# Preparing for a split



## Spur9 (Sep 13, 2016)

You could place a queen excluder between the brood boxes. That will confine her to one box. After 8 days, you should find eggs/larvae in one box and nothing but capped brood in the other. Then u know which box she is in.


----------



## Brad Bee (Apr 15, 2013)

Do you have a queen excluder?


----------



## Aroc (May 18, 2016)

Brad Bee said:


> Do you have a queen excluder?


I do actually. Had good luck with them my first year.


----------



## Saltybee (Feb 9, 2012)

Make your split early and small. Destroy QCs. If they are going to drift get it over with in advance.
Decide on your introduction method and get ready before queen is shipped.


----------



## Brad Bee (Apr 15, 2013)

Aroc said:


> I do actually. Had good luck with them my first year.

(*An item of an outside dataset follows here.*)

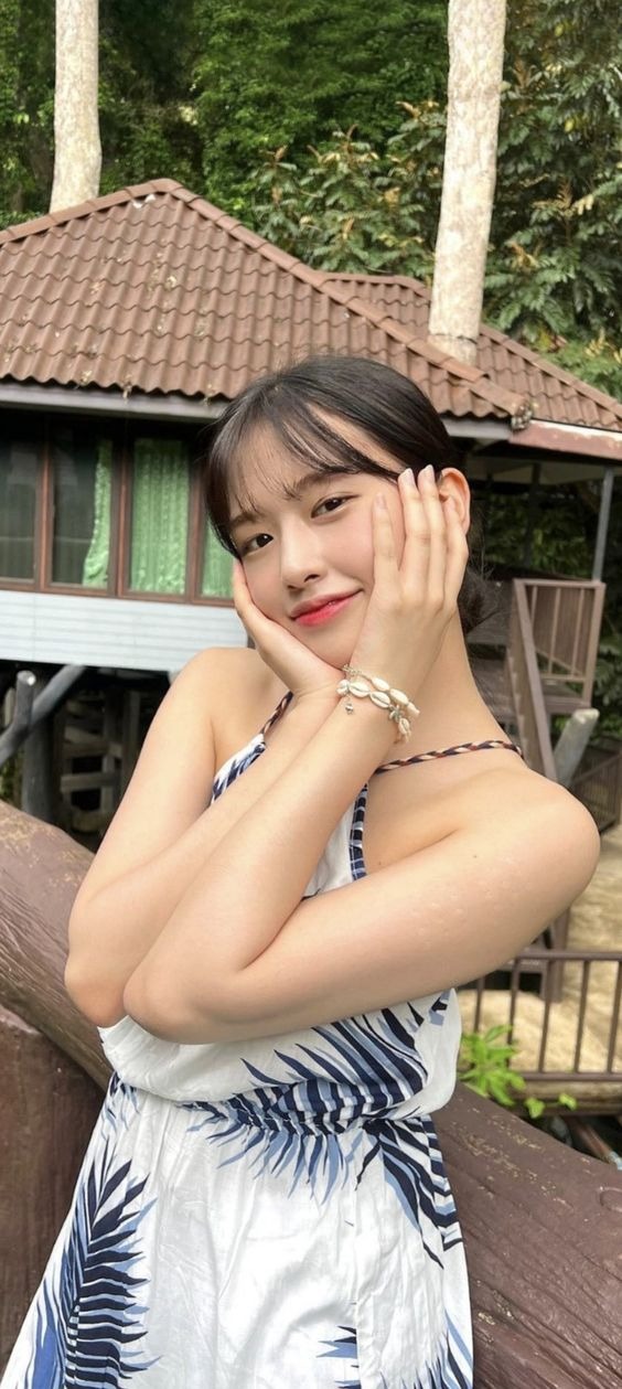 Liburan atau staycation di dekat pantai, cocok banget kalau memakai outfit tropical dress tanpa lengan ala Ahn Yu-jin seperti penampilannya satu ini

If you're running double deeps, take off the top deep, shake all the bees into the bottom deep and put frames of open and sealed brood above the queen excluder. Do that about 4-5 days prior to making the splits. The day that you're getting your queen, pull 2-3 frames of capped brood out of the hive, above the excluder and place them in a nuc. Add a frame of nectar and a frame of pollen. Two hours or so later, put the caged queen in with them.

Split finished.


----------